## PROBLEM TO WORK ON
Copy nothing but the lines below, from the one with "Re-Nylon Backpack by" through the one with "Crafted from a", exactly as written; no pictures should appear.

## SOURCE INFORMATION
▬▬▬▬▬▬

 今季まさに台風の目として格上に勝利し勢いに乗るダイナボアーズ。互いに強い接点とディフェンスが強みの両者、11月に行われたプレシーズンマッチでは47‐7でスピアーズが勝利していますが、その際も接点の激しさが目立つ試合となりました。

▬▬▬▬▬▬

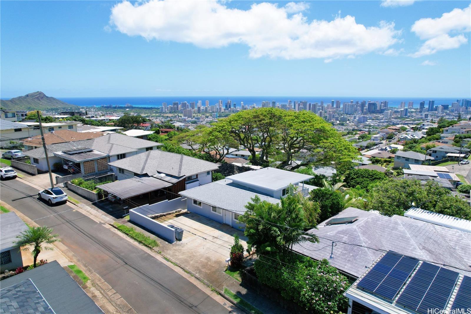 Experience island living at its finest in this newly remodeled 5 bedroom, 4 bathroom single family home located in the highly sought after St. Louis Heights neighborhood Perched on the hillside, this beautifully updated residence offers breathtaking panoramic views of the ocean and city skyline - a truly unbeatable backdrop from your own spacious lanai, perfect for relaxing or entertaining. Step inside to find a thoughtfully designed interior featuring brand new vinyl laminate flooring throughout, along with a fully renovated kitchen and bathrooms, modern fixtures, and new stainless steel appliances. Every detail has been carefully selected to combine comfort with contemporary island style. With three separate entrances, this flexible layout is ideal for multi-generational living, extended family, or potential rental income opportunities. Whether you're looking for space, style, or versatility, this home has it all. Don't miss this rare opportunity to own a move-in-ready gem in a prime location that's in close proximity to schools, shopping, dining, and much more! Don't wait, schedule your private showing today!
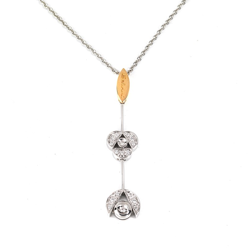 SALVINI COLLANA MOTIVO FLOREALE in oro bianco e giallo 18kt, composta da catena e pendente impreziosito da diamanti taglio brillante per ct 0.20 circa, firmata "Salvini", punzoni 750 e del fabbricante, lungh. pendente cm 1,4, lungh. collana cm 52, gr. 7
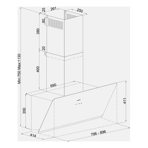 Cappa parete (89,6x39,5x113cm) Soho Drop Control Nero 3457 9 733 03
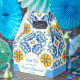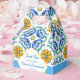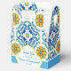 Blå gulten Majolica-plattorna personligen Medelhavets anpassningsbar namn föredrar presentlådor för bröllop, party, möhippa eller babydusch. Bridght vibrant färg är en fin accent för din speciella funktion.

▬▬▬▬▬▬

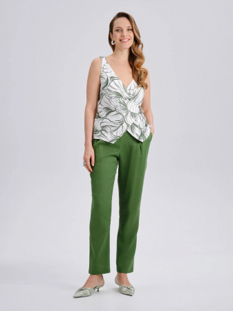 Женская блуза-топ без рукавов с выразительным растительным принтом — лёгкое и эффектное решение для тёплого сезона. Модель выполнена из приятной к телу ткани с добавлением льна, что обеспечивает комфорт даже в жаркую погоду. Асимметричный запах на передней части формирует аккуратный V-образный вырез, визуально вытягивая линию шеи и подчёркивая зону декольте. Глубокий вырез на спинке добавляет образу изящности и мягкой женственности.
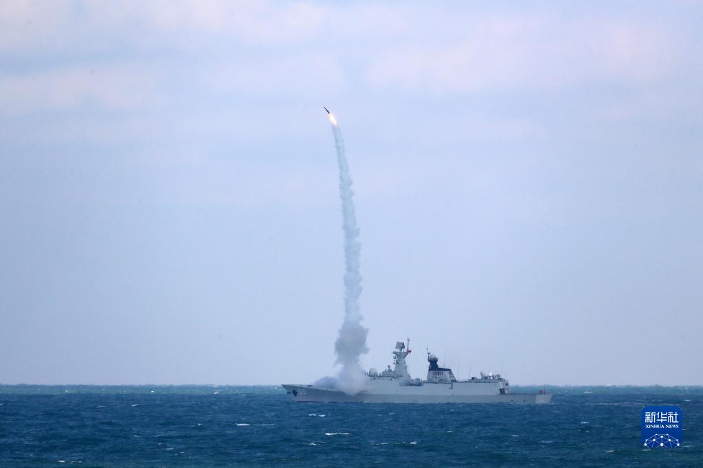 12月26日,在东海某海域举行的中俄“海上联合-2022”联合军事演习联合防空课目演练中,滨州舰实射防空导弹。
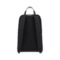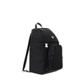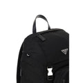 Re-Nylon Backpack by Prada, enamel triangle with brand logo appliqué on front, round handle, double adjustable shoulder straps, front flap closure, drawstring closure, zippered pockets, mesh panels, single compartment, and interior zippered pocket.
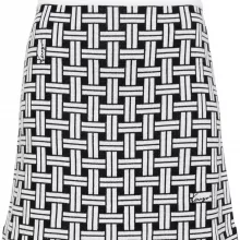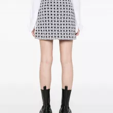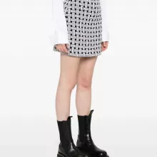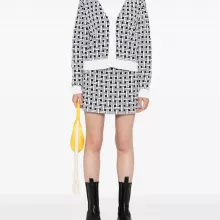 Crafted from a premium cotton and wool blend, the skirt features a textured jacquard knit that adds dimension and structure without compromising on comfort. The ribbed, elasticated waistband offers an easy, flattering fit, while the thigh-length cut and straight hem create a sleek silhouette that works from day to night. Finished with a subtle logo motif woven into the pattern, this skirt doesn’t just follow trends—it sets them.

▬▬▬▬▬▬

## SOLUTION TO THIS PROBLEM
 Re-Nylon Backpack by Prada, enamel triangle with brand logo appliqué on front, round handle, double adjustable shoulder straps, front flap closure, drawstring closure, zippered pockets, mesh panels, single compartment, and interior zippered pocket.
 Crafted from a premium cotton and wool blend, the skirt features a textured jacquard knit that adds dimension and structure without compromising on comfort. The ribbed, elasticated waistband offers an easy, flattering fit, while the thigh-length cut and straight hem create a sleek silhouette that works from day to night. Finished with a subtle logo motif woven into the pattern, this skirt doesn’t just follow trends—it sets them.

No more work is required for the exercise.